What is the proper technique for doing King Cobra Pose?

To perform King Cobra Pose, begin by lying flat on your stomach with your hands under your shoulders and your elbows close to your sides. Inhale and slowly lift your chest and head off the ground, using your back muscles to lift you up. Keep your elbows close to your sides and your shoulders relaxed. Hold the pose for a few breaths before releasing back down to the ground.

It is important to avoid overextending your back or neck, and to keep your hips and legs relaxed. If you experience any pain or discomfort, stop and rest before attempting the pose again.

Can beginners do King Cobra Pose?

King Cobra Pose can be challenging for beginners, but with practice and proper technique, it can be safely performed by students of all levels. If you are new to yoga or have any injuries or medical conditions, it is important to work with a qualified instructor who can guide you through the pose and offer modifications as needed.

Remember to start slowly and listen to your body, and never push yourself beyond your limits.
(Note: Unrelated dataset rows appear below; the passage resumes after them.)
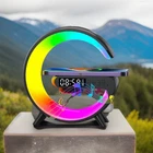 This is a 15W fast wireless charging pad stand with a speaker, TF card slot, RGB night light. The charging pad is compatible with universal devices and features a magnet mounting type. It is made of plastic and aluminum, with a slim design. The unit includes a charging cable and has one charging port. It also offers wireless charging connectivity and can be mounted on a wall, desktop, or desk.
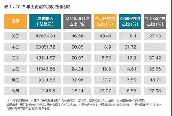 我国税制以间接税为主,直接税为辅。间接税是指纳税人能将税负转嫁给他人负担的税收,如增值税、消费税、关税等,这些税可以通过提高商品售价或劳务价格等办法转嫁出去,最终由消费者负担。直接税指税负不能转嫁,而由纳税人直接负担的税收,如人头税、所得税、土地使用税、房产税等(农业税也属于直接税,但已在2006年全面取消)。我国间接税收入占税收总额之比自1994年分税制改革以来虽有所下降,但仍然在三分之二以上,而直接税尤其是个人所得税占比则较低,2011年的个人所得税改革,提高工资薪金所得减除费用标准,并调整其税率级次级距,2018年再次提高个税起征点,进一步降低了税收收入总额中个税的比重。表1中列出了2015年主要国家税收结构的比较。
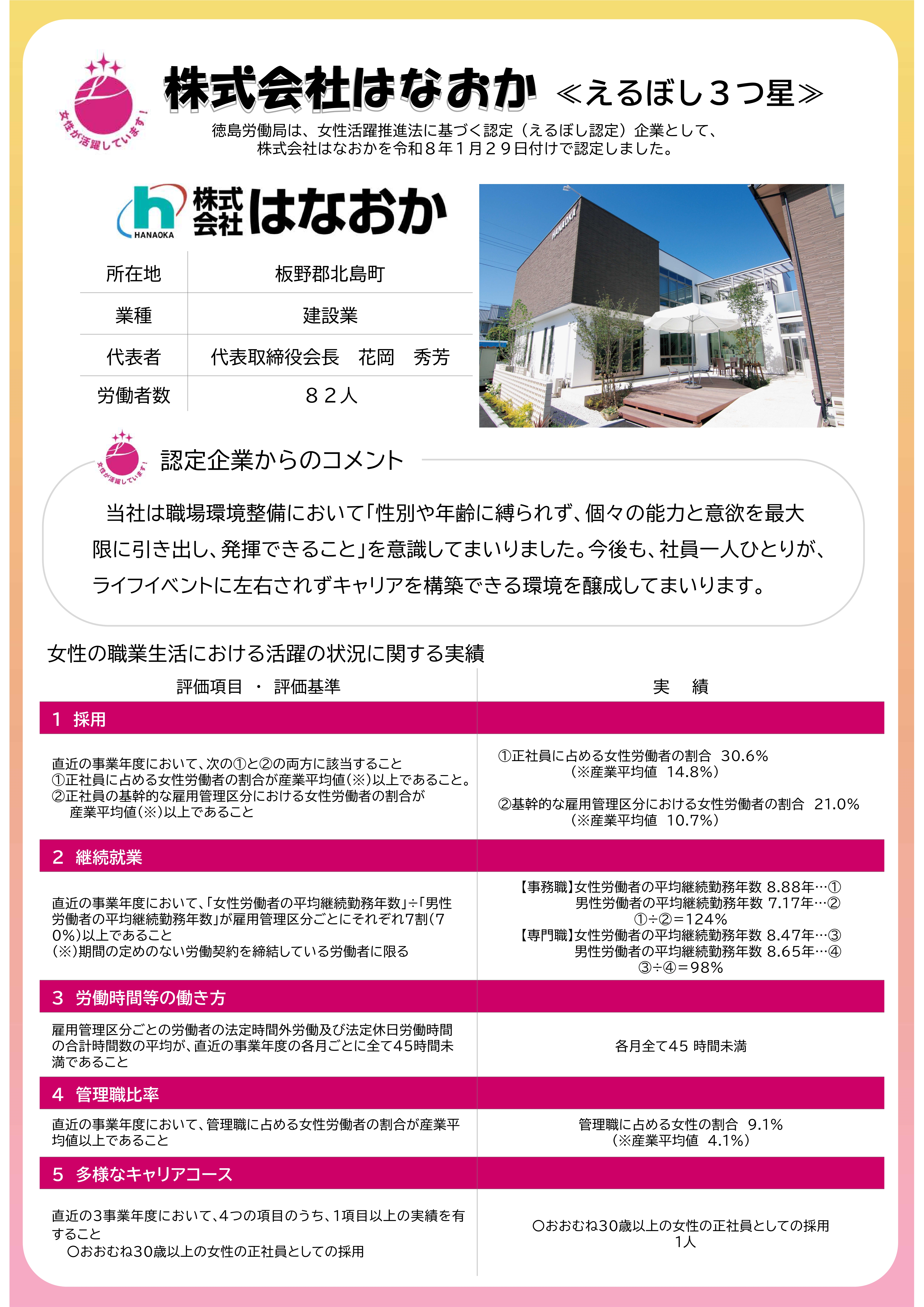 徳島労働局は、女性活躍推進法に基づく認定(通称:「えるぼし認定」)企業として、

What are some modifications for King Cobra Pose?

If you are having trouble lifting your chest and head off the ground, you can start by lifting just your upper chest and keeping your elbows bent. You can also use a block or bolster under your chest for support.

If you have wrist or shoulder pain, you can modify the pose by placing your forearms on the ground instead of your hands, or by using blocks or blankets for support.

How often should I practice King Cobra Pose?

Like any yoga pose, the frequency of your practice depends on your individual needs and goals. However, practicing King Cobra Pose once or twice a week can help improve flexibility and strength in the back, shoulders, and arms, and provide stress relief and relaxation.

Remember to always listen to your body and stop if you experience any pain or discomfort. And as with any physical activity, it is important to stay hydrated and warm up properly before attempting the pose.

King Cobra Pose Tutorial


After learning the ins and outs of the King Cobra Pose, you’re now ready to take your yoga practice to the next level! Remember to start slow and build up your strength and flexibility gradually. With regular practice, you’ll soon find yourself comfortably holding the pose for longer periods of time.

It’s important to listen to your body and not push yourself beyond your limits. If you experience any pain or discomfort during the pose, stop immediately. Always consult with your doctor before starting any new exercise routine, especially if you have any pre-existing health conditions.

Incorporating the King Cobra Pose into your yoga practice can help improve your posture, increase your flexibility, and strengthen your core muscles. With patience and dedication, you can master this pose and reap the many benefits it has to offer. So, roll out your mat, take a deep breath, and give the King Cobra Pose a try today!